No id feel same as you.sharing with a stranger,no thanks.When i was in my,20s i used to go on cruises and i shared cabins with people i didnt know,but i was younger and more tolerant then,got quite friendly with some of the people,still stay in touch with one woman.But now older no thanks,i dont even like sharing with a friend,even a close one.Id pay the difference or consider as volunteering for free,surely they should be prepared to pay expenses,Look at salaries they pay people at top in charites.I think id find another charity.

ElluesPichulobu · 12/01/2020 22:52

if the thing they want to train you to do isn't worth £50 of the charity's money to pay for a private room for your privacy and dignity while being trained then the thing you are volunteering to do is not worth your effort.
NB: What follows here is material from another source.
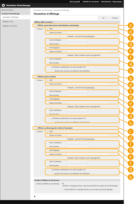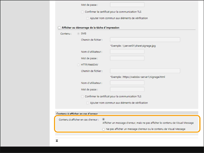 Spécifiez les réglages Proxy dans la fonction Visual Message en accord avec les réglages sélectionnés dans <Réglages Proxy>. Si un Proxy est réglé, il peut arriver que le contenu spécifié ne s'affiche pas. Dans ce cas, définissez une adresse particulière de sorte que le serveur proxy ne soit pas utilisé.

volunteer somewhere where the value being added by your volunteering efforts are large enough thay the charity would be happy to invest in getting you trained up without this undignified penny pinching

Blackbear19 · 12/01/2020 23:04

ElluesPichulobu - well said!

OP What's the training worth to YOU? Is it something that you'd be able to take into the private sector with you?

What I'm really trying to say, if its say training for a role working with kids and you have a long term plan to become a teacher or something then I'd maybe suck it up. It's only one night.

However if your retired or already in a professional career and unlikely to change career and the training is purely for the charities benefit I think I'd find somewhere else to volunteer.